A particular photographer by the name of Carleton E. Watkins took a different vantage point on capturing images of the American West. He was a commercial photographer responisble for publicizing the Yosemite region to the rest of the country. What Watkins did differently is that he showed the place as it was. Unlike the Munbys and Camerons, he selected his best images but did not fabricate them. Painters and photographers with the same focus as Watkins (to capture the West in art) strove to make their works the most beautiful, glorious, and inspiring. Watkins showed a real place as what it really was.

His photograph “Yosemite Valley from ‘Best General View'” shows his vision of showing what is really there. Where many artists would remove the ugly bare tree from the breathtaking view, Watkins embraces it as the focus for the picture.

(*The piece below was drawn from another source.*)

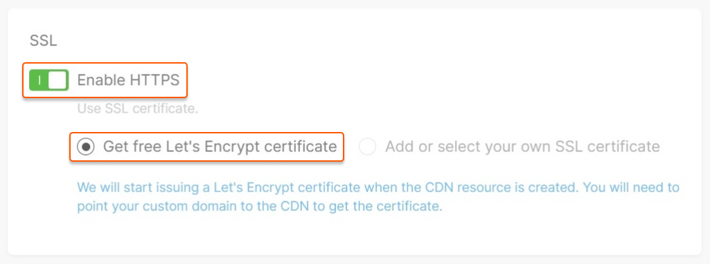 If you do not have your own SSL certificate, you can activate the free Let's Encrypt certificate in your account. Let's Encrypt certificates can only be issued for resources with a custom domain name.
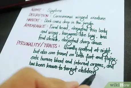 Come up with a name for your monster character. The first step is to think of a name for your monster, it can be as cool, crazy, or scary as you like or you can give it a name like Bob or Billy.

He does not falsify his image and shows that while the land is undeniably beautiful, sometimes it is ugly too, and that’s just the way it is.

For more photographs check out http://www.yosemite.ca.us/library/watkins/list.html


Responses

  1. While I think the connection you’re making from Cameron to landscape portraits of the American West is interesting, I think saying that Watkins “does not falsify his image and shows that while the land is undeniably beautiful, sometimes it is ugly too, and that’s just the way it is.” is problematic on a number of levels.

    Didn’t ALL the landscape photographers of the American West showed the land “as is” — as it is near impossible to alter a landscape the way JMC could alter her subjects? It’s a matter of composition and agenda, the way I see it; by choosing to focus on a tree which does NOT convey the image of the “land of plenty,” Watkins is being just as subversive as the other mainstream photographers who focused on the expansive sweep of untouched land (Muybridge, etc. comes to mind).

    But then there is the whole issue of public and private collections. While the majority of images sent back to the East for use as public proponents of Manifest Destiny DID focus on the “land of plenty,” there were just as many images taken by the same photographers which *didn’t* perpetuate the “land of plenty” message, and simply were not popularized, or publically consumed. So I would either call all or none of the images “falsified,” if you’re referring for their focus alone.

    Plus there is my own bias of always having found Watkins’ tree quite beautiful, with its thin elegance and adorable tufts of leaves, but that will end in discussions of how culturally bound the definition of “beautiful” is…

    So I guess I will end by saying what all could have been said in one sentence (eeek, sorry for the rant, I didn’t meant to get carried away!) — that Watkins certainly *does* “falsify his image” with the definition you use of it– just not with hair and fingerprints as JMC (or drawing clouds on negatives as Muybridge does), but just by so consciously choosing his composition the way he captures.